Wow. . .it's been since February that I blogged. Where does time go? Where have I been?
Part of where I've been is facebook. I used to say blogging was lazy man's scrapbooking. Well facebook is lazy man's blogging. In an instant I can update all family and friends with a picture or status update. Leaves little to talk about on my blog.
Also, my blog in the past has been a sort of journaling or instrospection if you will about life, books, writing or whatever happens to inspire me at the moment and frankly, I haven't been much inspired since February.
February 15, my father passed away after a courageous battle with cancer. I think putting that into words was difficult for me, therefore the lapse in keeping up.
But now, I'm slowly starting to come out of that. . .
I just finished reading a book called "The Hour I First Believed" by Wally Lamb. At first it was difficult for me to really get into it. . .lots of detail, but about half way through I started to wonder where it was going to lead. The protagonist was a man who had been through an amazing amount of turmoil in his life. Columbine, addiction, abuse, family lies and deception, PTSD. . .you name it, it happened to him or someone close to him. He tended to just float along trying to make sense of all the chaos in his life, attribuiting it to mostly chaos theory. One little incident can offset a whole string of events that can become catastrophic. The main character was not a man of faith and grappled with the idea of a higher power.

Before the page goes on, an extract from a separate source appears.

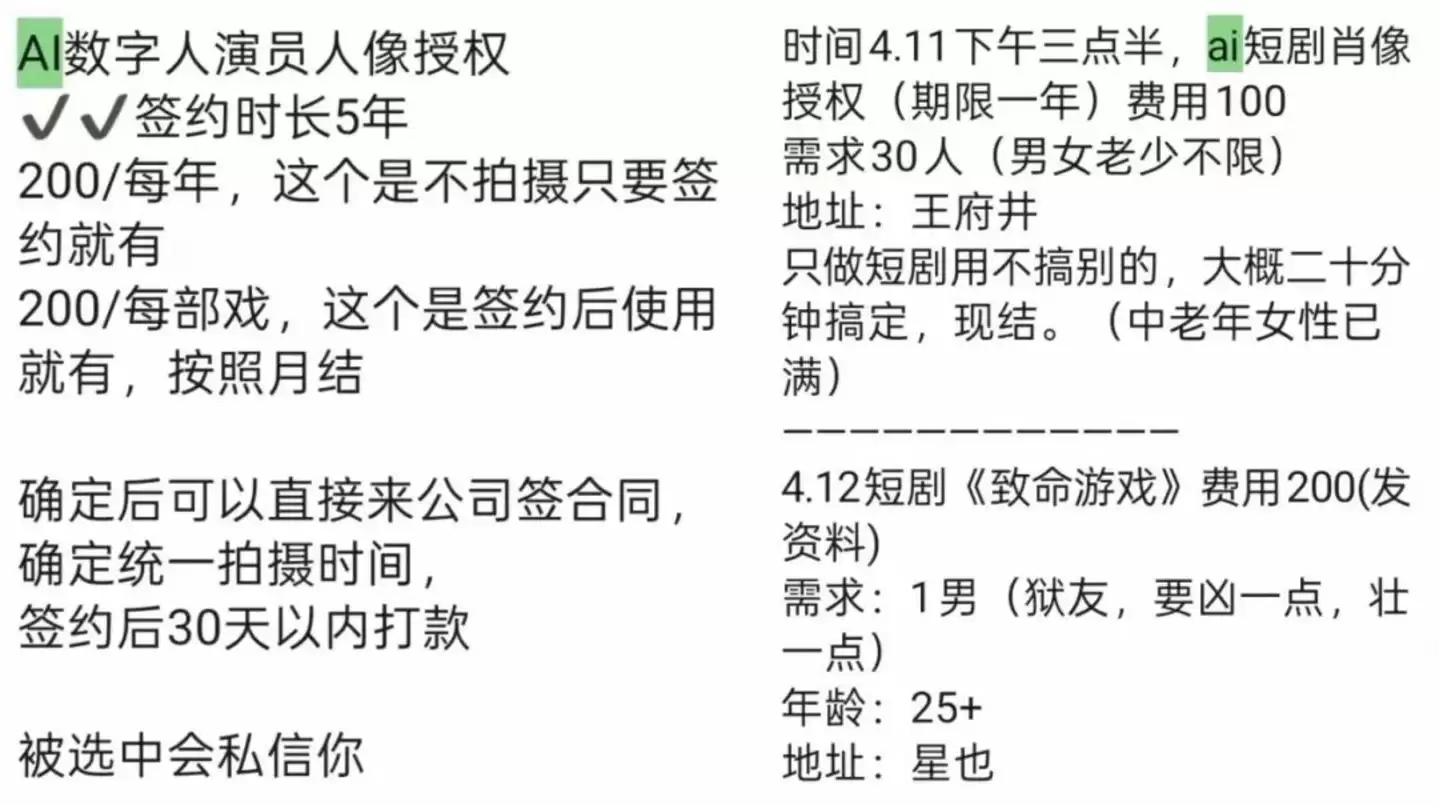 曾在长沙和横店跑过群演的@不想上班 观察到,今年4月份,她所在的演员通告群里开始频繁出现短剧公司收购AI肖像的信息。在社交媒体上搜索「人像授权」,也能看到大量短剧公司发布的招募帖。

I kept waiting for him to have this big revelation that life was not all about chaos and there is actually some hope even in the grimmest circumstances. I won't spoil it for you who haven't read it.
It reminds me of the Kennedy family. Here is a family who wished for power, wealth and to give back to the country who had helped them to become so successful. Sometimes I wonder if in their case they should have been careful for what they wished for because sometimes it can lead to devastating results. Would Joseph Kennedy have made different decisions and pushed his sons in different directions had he had known the toll public life would take on their family? Or is the greater sacrifice worth the quest? But regardless, this family has endured incredible tragedies much like the character in The Hour I First Believed. Ted had lost all his brothers to violent deaths (two assasinations and one plane crash in war). He also made some major mistakes in life and narrowly escaped tragic death on more than one occasion. He could have given himself over to his pain and wallowed in self-pity, but instead he decided to commit himself to a life of service to his country in fighting for what he believed was right and for the most part maintained a solid faith in God along the way (although some of his political beliefs contradict strongly against his church beliefs). Watching the funeral yesterday I was moved to tears because of the sense of loss his family had to again endure.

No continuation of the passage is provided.